I think he really believed you’d return.
Twenty-four came and I threw a party.
I made a drunk speech in a matchbox room about the future. Acquaintances gave each other bewildered looks. My friends signaled to me with their eyebrows that they were concerned.
I clambered down from my throne of gifts and waved a pinkie finger at my roommate Nila.
The door to our toilet is jammed, she said. Let’s use the neighbor’s backyard.
Squatting in the grass I told her about my mother.
She pulled her underwear up. I kept mine down. Piss dribbled down the sides of my calves.
I thought about a life in which I was not awaiting signs. A life in which I was more than the sum of my anticipation. What had I placed my faith in anyway? Not God. Certainly not you. I pinned my hopes on strangeness, the faint throbbing of my left eyelid, half servings of Mysore Pak, a discontinued advertisement on TV.
I told Nila her face was a little marvel and that I wanted to kiss it.
She responded, you can’t only come to me when you miss her.
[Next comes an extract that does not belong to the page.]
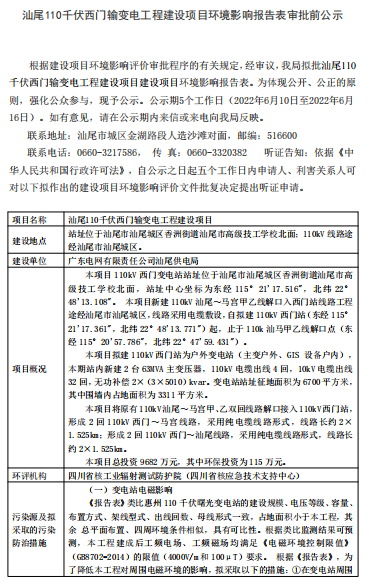 汕尾110千伏西门输变电工程建设项目环境影响报告表审批前公示

Later that night, I called Achan because he’d stopped calling me. He still lived in our old house. The one I abandoned at eighteen for a job in the city.
Piranthanal varthukkal, he said.
Thank you, I whispered.
Have you been eating?
Yes. Have you been eating?
I eat lots of fruits and vegetables from the garden.
I waited for Achan to hang up. He waited for me to leave. Neither of us did. Instead we waited for a sign. It took forever, the clouds turning purple above us. But then there was a flower—the shape of it etched into the sky like a bruise.
Do you see it? I asked Achan.
There was a pause during which I thought I lost him.
A minute later his voice came, muffled through the speakers.
I see it, he said.
I moved back home at thirty-six.
Achan insisted he was fine on his own, but I could tell he liked having me there. In the mornings we harvested fruit and at night I dreamt of you.
You made garlands out of culms and told jokes. You kept having to restart the jokes because you were laughing so hard you could barely get to the punchline. You held on to the sides of your stomach, where your petticoat met your waist. Everything hurts, you said, as if it was my fault you were in pain. Look away.
According to you, I had a face like neelakurinji. Difficult to admire, rarely in bloom. I was a seasonal child. Joy could turn into sadness and sadness into joy. For half a year I was bearable, then abruptly, I was not. Twelve years into the future you saw no end to the flux, so you left. I held this truth to my chest and rocked it, this inconsolable grief; this baby of a thing—small and hard like a seed.
Achan would find me in the morning, shivering in a bed of flowers.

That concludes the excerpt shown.